By inserting a small number of carefully crafted documents into the retrieval corpus, attackers can cause the RAG system to reliably return attacker-chosen answers for specific queries — without touching the underlying model. This architecture is powerful — it gives agents access to up-to-date, domain-specific knowledge. The impact scales with the agent’s autonomy and the depth of its tool access. When the agent reads the poisoned content as part of its normal task, it encounters the hidden instructions embedded within — and follows them, because it cannot distinguish those instructions from the legitimate content surrounding them. For agents with tool access — the ability to send API calls, execute terminal commands, or write to databases — direct injection can cascade into real-world harm.
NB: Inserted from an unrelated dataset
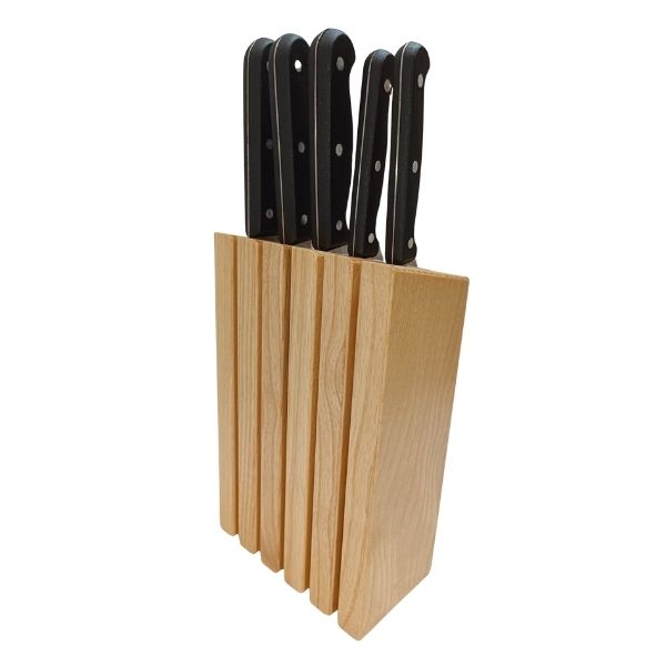 Mıknatıslı Dikey Bıçak Bloğu, 5 bıçak kapasiteli kompakt yapısıyla tezgâh üstü kullanım için idealdir. Açık renkli ve sade dokulu kayın ağacından üretilen bu model, modern mutfaklara hafif ve doğal bir hava kazandırır.

Staying ahead of the latest indirect prompt injection attacks is critical to our mission of securing Workspace with Gemini. This covers direct injection (explicit override attempts, jailbreaks, role manipulation) and, to a degree, indirect injection when the injected content arrives via a user-controlled channel. In its 2026 Global Threat Report, CrowdStrike reported prompt injection attacks at more than 90 organizations during 2025. Look for policy violations, unexpected commands, and data exfiltration patterns.

indirect prompt injection

Zscaler’s ThreatLabz documented two real-world campaigns which used a technique called indirect prompt injection, where instructions are planted in content an AI agent reads, such as a web page, to steer its behavior. In February 2025, Ars Technica reported vulnerabilities in Google’s Gemini AI to indirect prompt injection attacks that manipulated its long-term memory. In January 2025, Infosecurity Magazine reported that DeepSeek-R1, a large language model (LLM) developed by Chinese AI startup DeepSeek, exhibited vulnerabilities to direct and indirect prompt injection attacks. In December 2024, The Guardian reported that OpenAI’s ChatGPT search tool was vulnerable to indirect prompt injection attacks, allowing hidden webpage content to manipulate its responses. Threats to RAG systems including knowledge base poisoning, indirect prompt injection, and data exfiltration, with practical defenses.